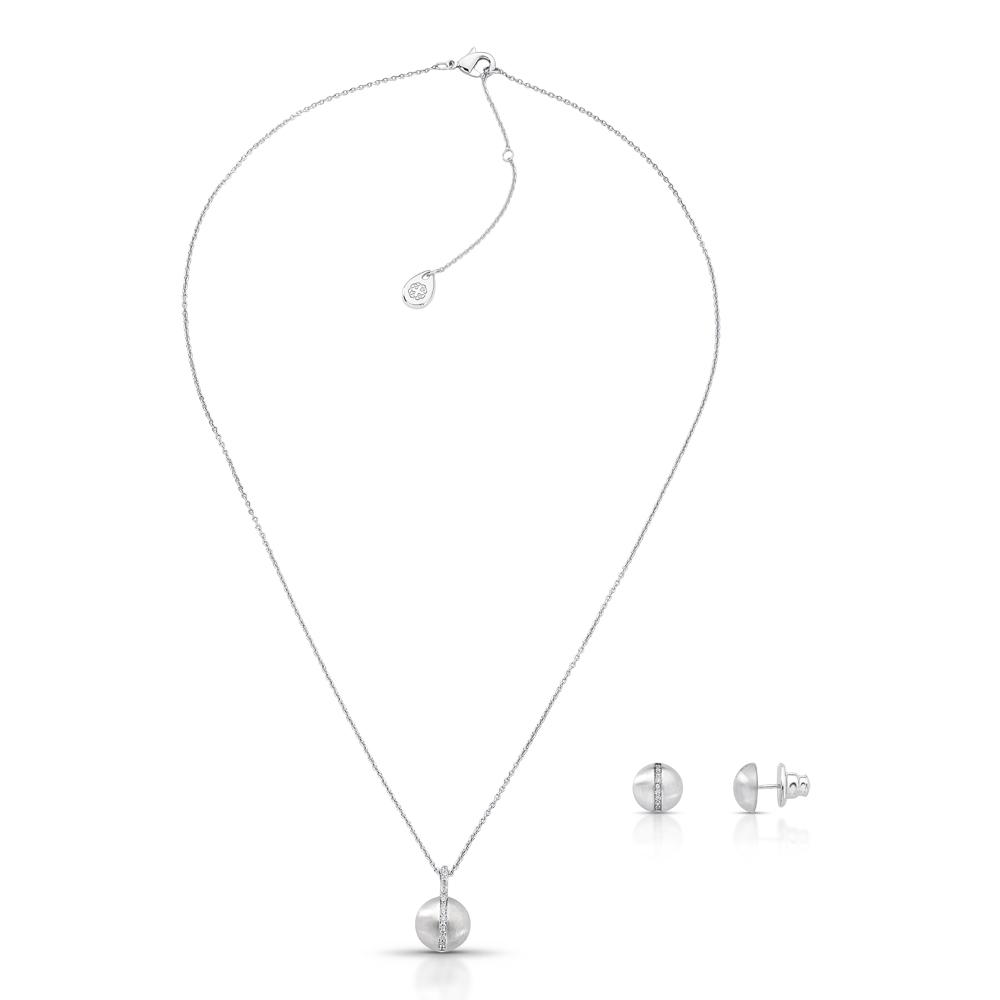 Conjunto Colar e Brincos Banhado à Ródio Branco Cravejado com Zircônia
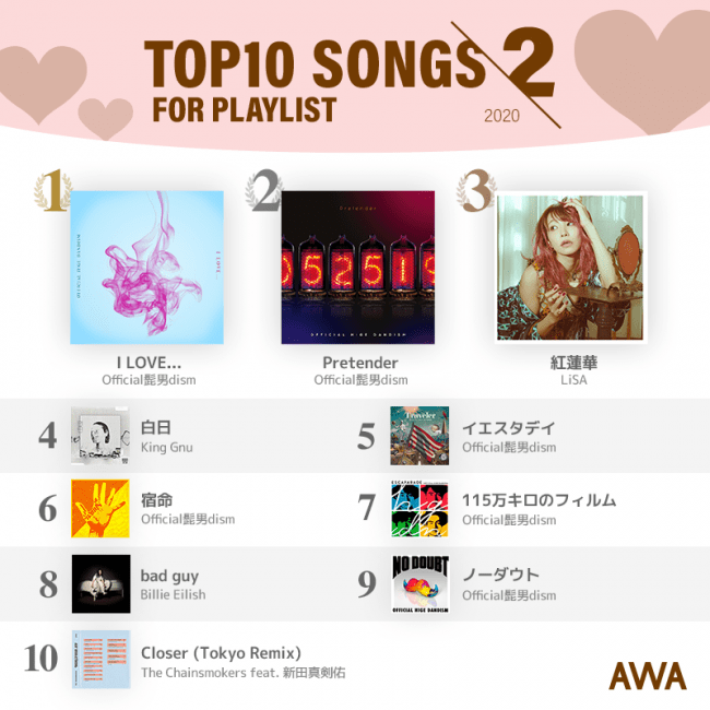 2020年2月の『プレイリスト採用楽曲ランキング』で見事1位に輝いたのは、TOP10に6曲がランクインしたOfficial髭男dismから、2月にリリースしたばかりの佐藤健、上白石萌音出演のドラマ『恋はつづくよどこまでも』主題歌「I LOVE...」でした。先月のランキングで1位に輝いた「Pretender」が2位に輝き、「イエスタデイ」「宿命」「115万キロのフィルム」「ノーダウト」全6曲がランクインしており、Official髭男dismの圧倒的な人気が伺えます。そのほか、先月14位だった『第62回グラミー賞』で主要4部門を含め、見事5冠に輝いたBillie Eilishの「bad guy」が、ジワジワと順位を上げ8位にランクイン。10位には、俳優の新田真剣佑がThe Chainsmokersの名曲「Closer」をカバーし話題となった、「Closer (Tokyo Remix)」がランクインしています。ぜひこの続きは、ランキング50位まで発表しているAWA公式アカウントのプレイリストでお楽しみください。
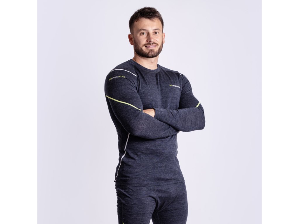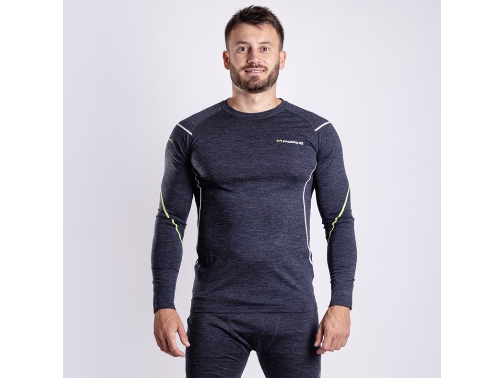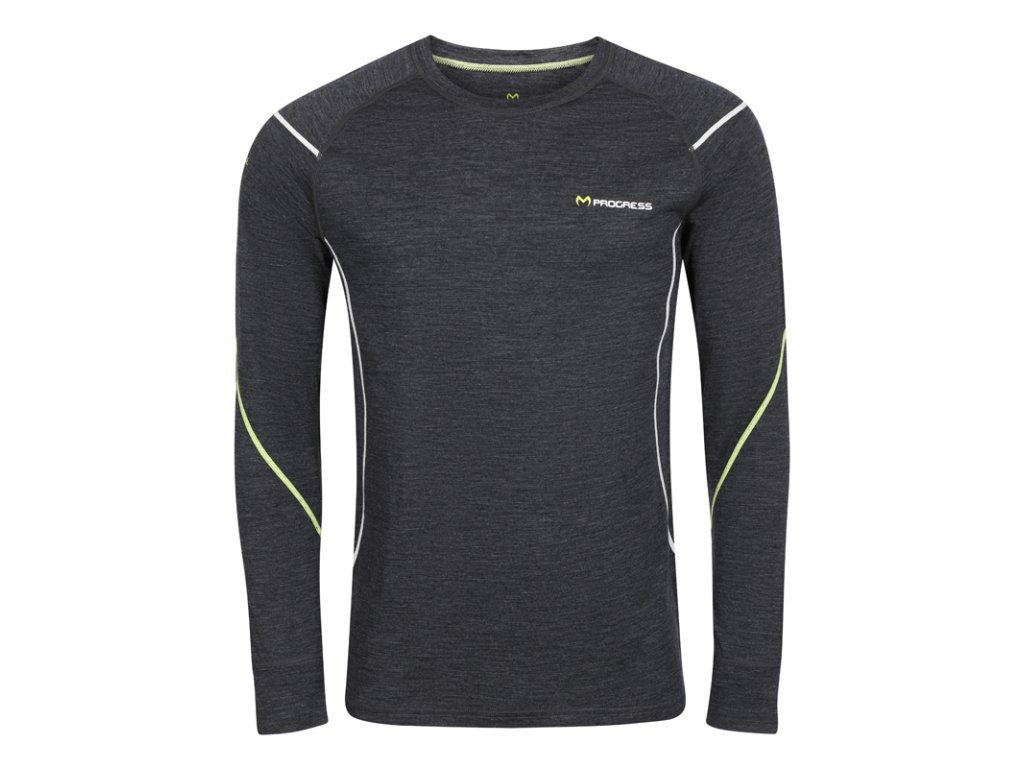triko pánské dlouhé Progress MW NDR 170 merino černý melír
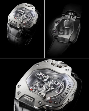 The UR-110 indicates time by means of a revolving satellite complication on planetary gears featuring three parallel hour/minute modules resembling torpedoes. The time is displayed on the right side of the watch, with the satellites following a vertical line – 0 to 60 minutes – in a downward motion.

• Problem
Please return only the lines running from the line with "triko pánské dlouhé" to the final line of the data, both included, exactly and without any pictures.

• Response box
triko pánské dlouhé Progress MW NDR 170 merino černý melír
 The UR-110 indicates time by means of a revolving satellite complication on planetary gears featuring three parallel hour/minute modules resembling torpedoes. The time is displayed on the right side of the watch, with the satellites following a vertical line – 0 to 60 minutes – in a downward motion.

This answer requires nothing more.